Стоял январь года консульства Гнея Корнелия Лентула и Публия Лициния Красса; деревья в саду Ливия Друза еще не оделись листвой, однако в чудесном фонтане, окруженном статуями – творениями греческого скульптора Мирона, журчала подаваемая по трубам подогретая вода. Полотна Апеллеса, Тиманта и других греческих мастеров были убраны со стен колоннады в запасник после того, как две дочери Цепиона попытались вымазать их краской, украденной у художников, восстанавливавших фрески в атрии. Обеих примерно выпороли, однако Друз счел за благо убрать с глаз долой источник соблазна. Свежую мазню удалось соскрести, но кто поручится, не повторит ли попытку его сынишка, когда вступит в более злокозненный возраст? Бесценные коллекции произведений искусства лучше держать подальше от детей. Конечно, Сервилия и Сервилилла (домашние звали ее просто Лилла) ничего подобного больше не повторят, однако ими юное население дома наверняка не ограничится.

Его собственный род наконец-то получил продолжение, хотя не тем способом, на который он возлагал надежды; оказалось, что у них с Сервилией не может быть детей. Поэтому два года назад они усыновили младшего сына Тиберия Клавдия Нерона, вконец обедневшего, как все Клавдии, и осчастливленного возможностью увидеть своего новорожденного сына наследником богатств Ливиев Друзов. Усыновлять было принято старшего мальчика в семье, чтобы приемные родители не сомневались в его умственных способностях, крепком здоровье и добродушии. Однако Сервилия, изголодавшаяся по материнству, настояла, чтобы они больше не медлили с усыновлением. Марк Ливий Друз, беззаветно любящий жену – хотя, беря ее в жены, он не питал к ней никаких чувств, – уступил. Для того чтобы победить дурные предчувствия, он принес обильное подношение Великой Матери, надеясь, что ее благосклонность обеспечит младенцу умственное и физическое здоровье.
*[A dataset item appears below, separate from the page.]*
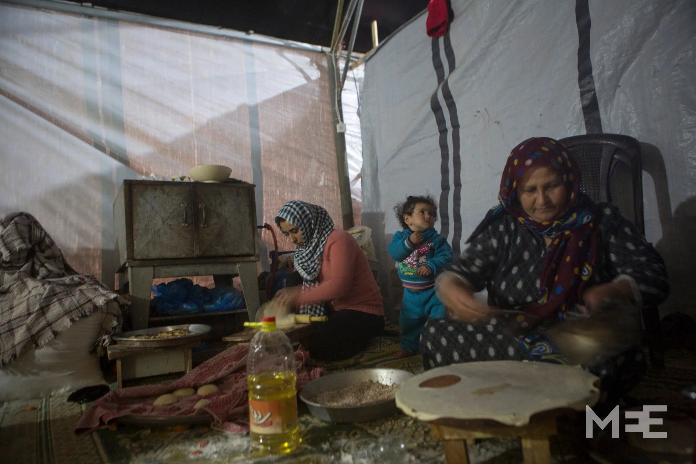 Palestinian women from the Shamali family prepare food in a tent near the destroyed section of Shujayea (MEE/Anne Paq and Basel Yazouri)

Женщины сидели в гостиной Сервилии, примыкающей к детской; заслышав шаги мужчин, они вышли поприветствовать их. Не состоя в кровном родстве, тем не менее они были очень схожи внешностью: обе невысоки ростом, темноволосы и темноглазы, с мелкими, правильными чертами. Ливия Друза, жена Цепиона, была более миловидной, к тому же избежала наследственного свойства – толстых ног и неуклюжей фигуры. Она отличалась большими, широко расставленными глазами, а ее ротик напоминал очертанием цветок. Нос ее был слишком мал, чтобы заслужить наивысшую оценку знатока, зато не был излишне прям, что тоже считалось изъяном, а производил впечатление некоторой курносости. Кожа ее была здоровой, талия – тонкой, грудь и бедра – достаточно пышными. Сервилия, жена Друза, казалась ее уменьшенной копией; правда, на подбородке и вокруг носа у нее имелись прыщики, ноги были коротковаты, шея – тоже.

При этом Марк Ливий Друз в своей не слишком красивой жене души не чаял, а Квинт Сервилий Цепион не любил свою красавицу. Восемь лет назад, когда образовались оба супружеских союза, дело обстояло наоборот. Мужьям было невдомек, что разгадка заключается в их женах: Ливия Друза ненавидела Цепиона и вышла за него по принуждению, тогда как Сервилия была влюблена в Друза с самого детства. Будучи представительницами римских патрицианских семей, обе женщины стали образцовыми женами в старинном духе: послушными, услужливыми, ровными и неизменно почтительными. С годами супруги разобрались друг в друге, и былое безразличие Марка Ливия Друза было побеждено вниманием, проявляемым к нему женой, ее пылкостью в любви и разделенным горем бездетности. Тем временем невысказанное обожание Квинта Сервилия Цепиона задохнулось, не выжив в атмосфере затаенной неприязни к нему жены, ее растущей холодности в постели и огорчения из-за того, что оба их ребенка оказались девочками, а новых рождений не предвиделось.

Обязательной частью программы стал визит в детскую. Друз обожал пухлощекого смуглого мальчугана, именуемого Друзом Нероном, которому вот-вот должно было исполниться два года. Цепион же едва заметно кивнул своим дочерям, те в страхе прижались к стене и встретили отца молчанием. Обе были миниатюрными копиями матери – столь же темноволосые, большеглазые и большеротые – и не могли не очаровывать, как всякие невинные дети, однако папаша не проявил к ним никакого интереса. Сервилию (ей на днях должно было исполниться семь лет) многому научила порка, которой завершилась ее попытка усовершенствовать лошадь и гроздь винограда на картине Апеллеса. Раньше на нее никогда не поднимали руку, поэтому она испытала не столько боль, сколько унижение, и научилась скорее изворотливости, нежели послушанию. Лилла была совсем другой: шаловливой, неунывающей, волевой и прямодушной. Порка была ею немедленно забыта, но не осталась без последствий: теперь отец вызывал у нее должное уважение.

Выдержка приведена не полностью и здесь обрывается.